Channel 1 - Vero 10 Decor 3000K 97CRI
Channel 2 - Vero 10 5000K 70CRI
Channel 3 - Luxeon Rebel ES Cyan x2
Channel 4 - Luxeon Rebel ES cool blue x2
Channel 5 - Luxeon Rebel ES green x2
Channel 6 - LEDgroupbuy 405nm and 430nm violet x1 of each


----------



## Fissure (Jun 29, 2014)

The Bluefish controller allows for 6 channels so that is what I am aiming for.

Originally i planned to use around 60 x Cree X-TE in four rows. Mixing Neutral and Cool whites.

You recommend another mix there, lots of colors. Is the spectrum from only whites not enough for a planted tank? Read something about a disco effect. Want to avoid that 

You recommend only one violet led and 2 of the colored ones. Wont that look weird on a 60" wide tank?

Edit:
Looked at the bridgelux vero leds you mentioned. The look much bigger? Are they to prefer over the Cree XTE? I see I will need aprox 10 XTEs to get the same lumen as the bridgelux ones running at 1000mA?


----------



## gus6464 (Dec 19, 2011)

Fissure said:


> The Bluefish controller allows for 6 channels so that is what I am aiming for.
> 
> Originally i planned to use around 60 x Cree X-TE in four rows. Mixing Neutral and Cool whites.
> 
> ...


Disco disappears when you cluster. The LEDs above are per cluster. So basically you put the 2 Vero's in the center and surround them with the other LEDs. No optics needed since you are not trying to penetrate over 2ft. You have 6 channels so you might as well go full spectrum so that you can dial down whatever color you want and will also make it easier to bring out red pigments. You will be hitting every single photosynthetic peak with the above color combination.

As far as the violets go those are 2 different LEDs. A 405nm and a 430nm one. You got a 5ft tank so basically you want to do 4 clusters.
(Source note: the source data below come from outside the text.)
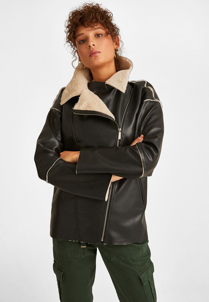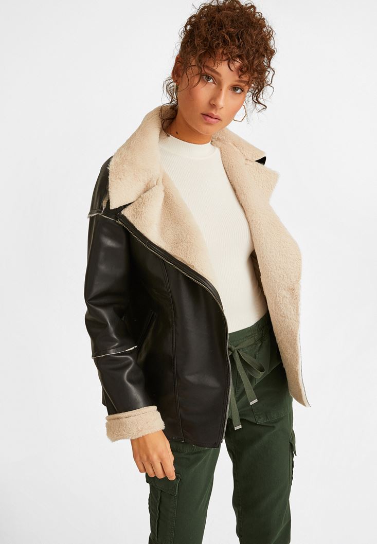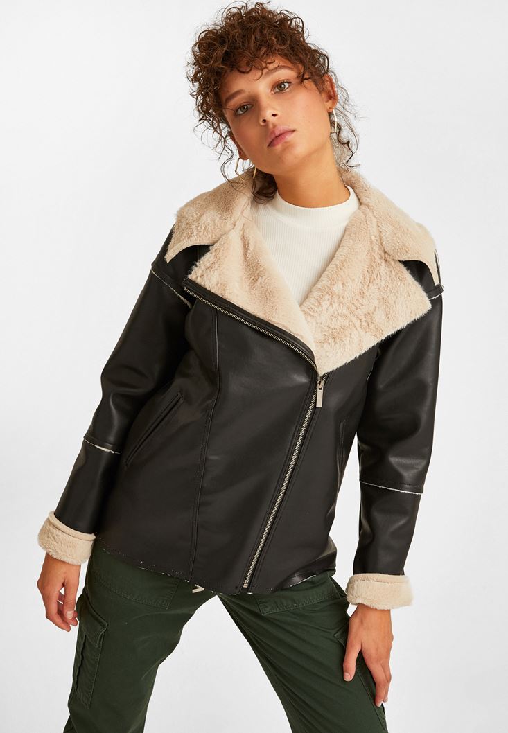Oxxo Kürk Detaylı Deri Ceket 210376147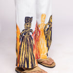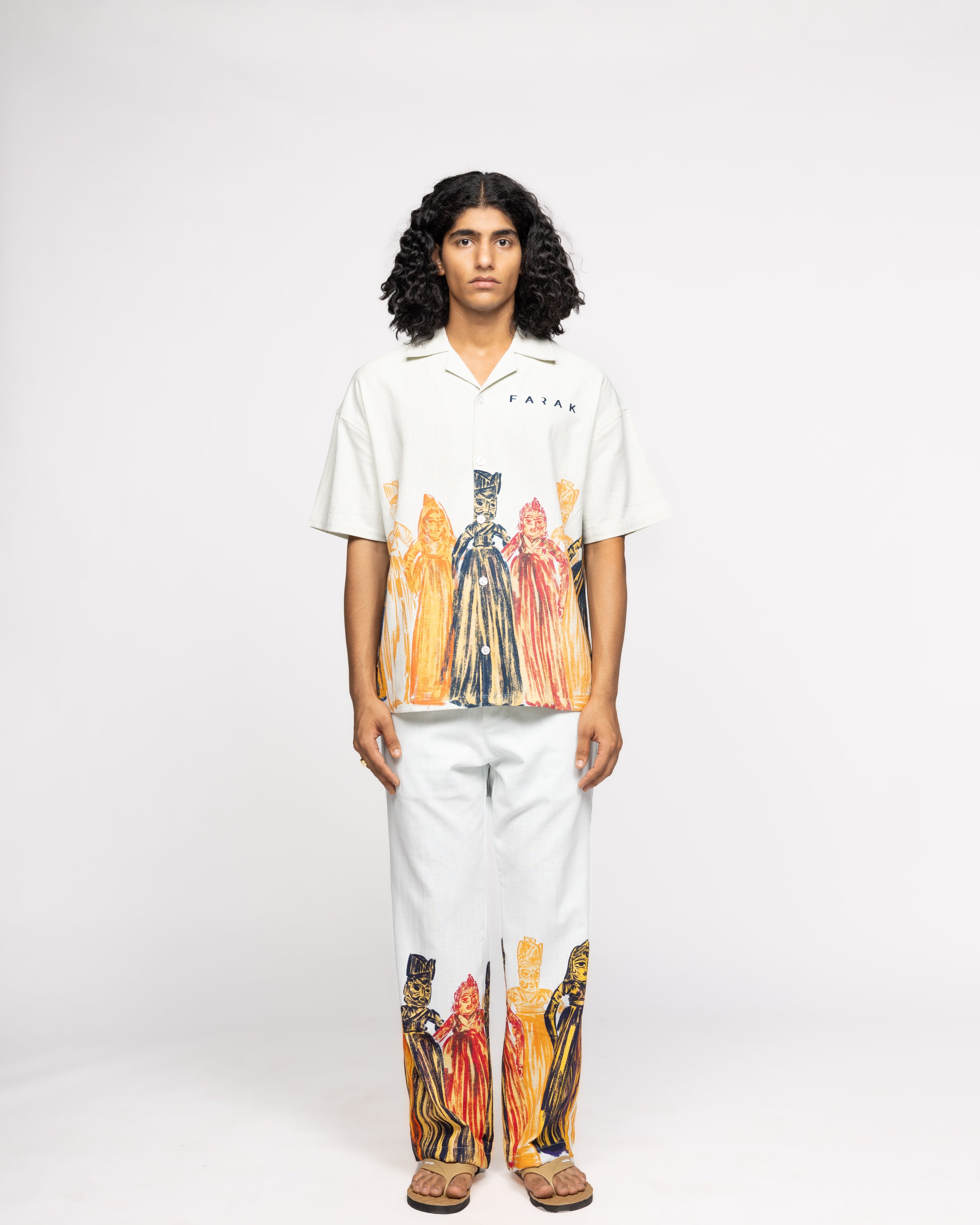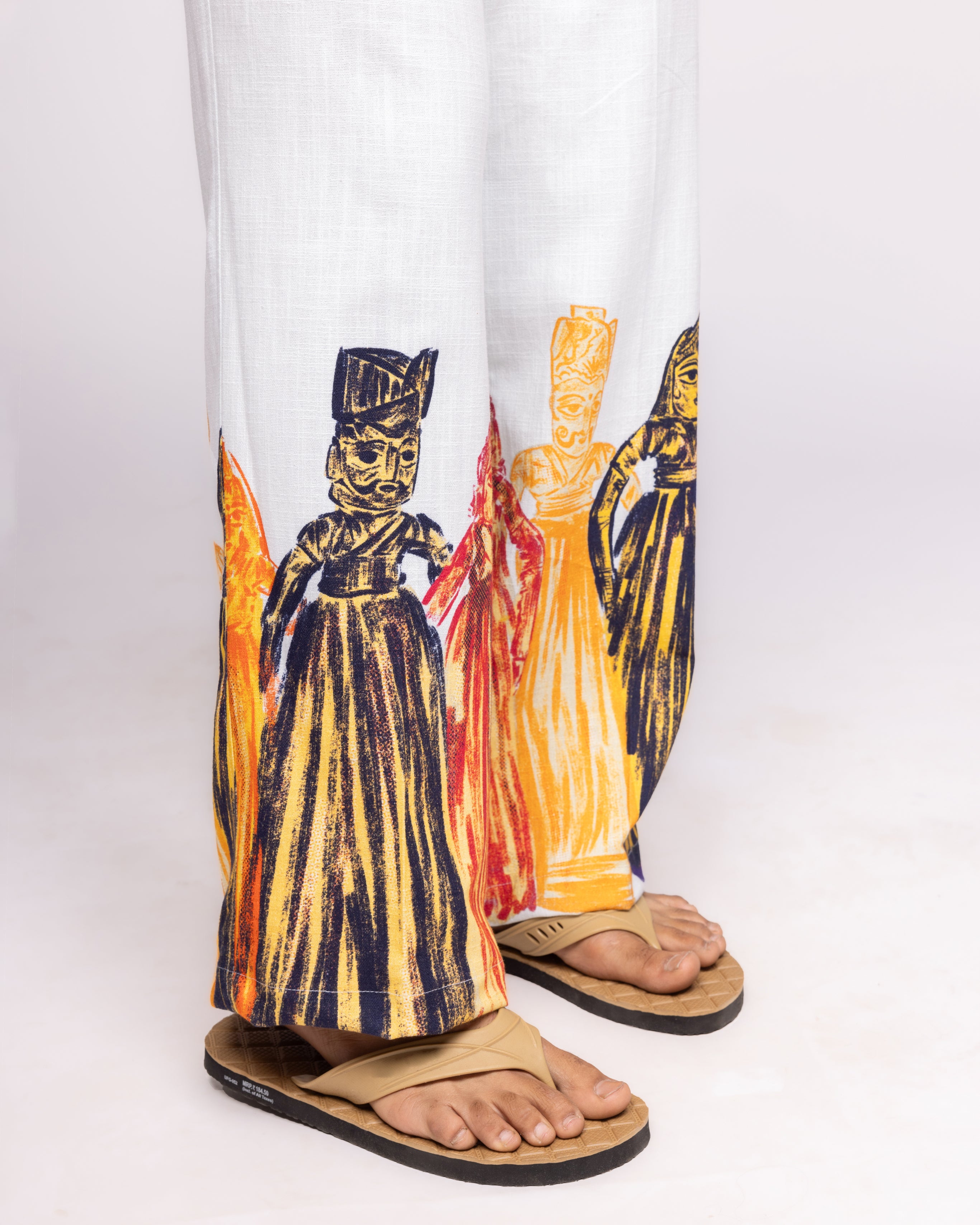 "The World's a Stage Pant, crafted from 100% organic cotton, merges cultural heritage with timeless wisdom. This pant showcases digitally printed designs inspired by Rajasthani puppetry and William Shakespeare's iconic adage, "All the world’s a stage, and all the men and women merely players." Drawing from the vibrant colours and intricate details of Rajasthani puppets, the pant's design tells a captivating story. These puppets, central to Rajasthan's cultural heritage, dance across the fabric, symbolizing the theatrical essence of life. The digital printing process ensures vivid colours and precise details, perfectly capturing the fusion of cultural and literary themes. Our creative director, Rishabh has expertly combined these narratives into a single, wearable piece of art. The World's Stage Pant not only celebrates the rich tradition of puppetry but also pays homage to Shakespeare's profound words, inviting wearers to reflect on the roles we all play in the grand theatre of life. This shirt is more than just clothing; it’s a tribute to the stories that shape our lives and the stages upon which we perform. It evokes nostalgia and intellectual curiosity.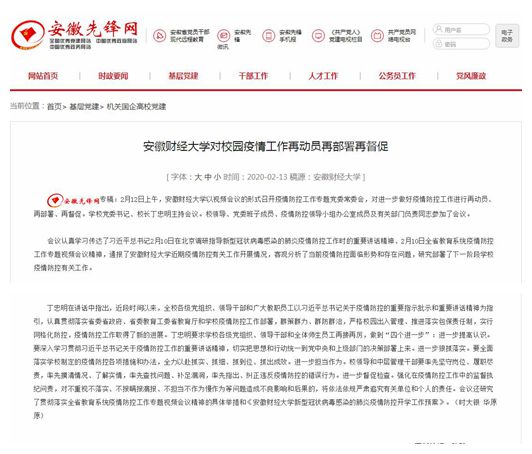 2月13日,安徽先锋网报道了我校召开党委常委会对疫情工作再动员再部署再督促,具体报道链接如下: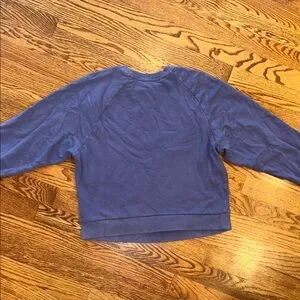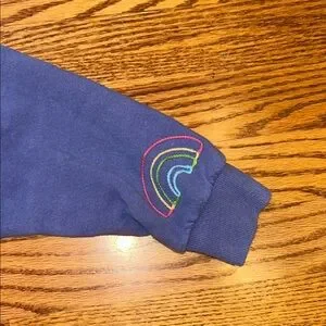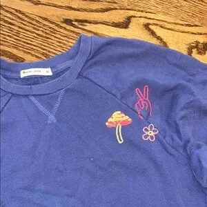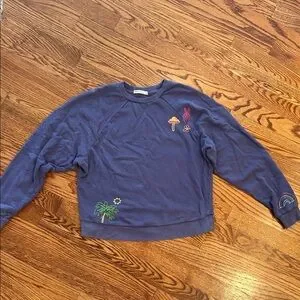 Cozy blue distressed sweatshirt featuring colorful embroidered designs including a mushroom, flower, rainbow and palm tree. Cropped. Size XS

Start at the end of the tank, go 12 inches and put a cluster, go another 12" and add another, and so on.


----------



## Fissure (Jun 29, 2014)

Ah now I get it! That sounds worth some consideration!

Should i still do two rows?

And what about the vero 13s ? Seem to be available in the same ratings but there I have the possibility of doubling the lumen if the need should arise in the future?


----------



## gus6464 (Dec 19, 2011)

Fissure said:


> Ah now I get it! That sounds worth some consideration!
> 
> Should i still do two rows?
> 
> And what about the vero 13s ? Seem to be available in the same ratings but there I have the possibility of doubling the lumen if the need should arise in the future?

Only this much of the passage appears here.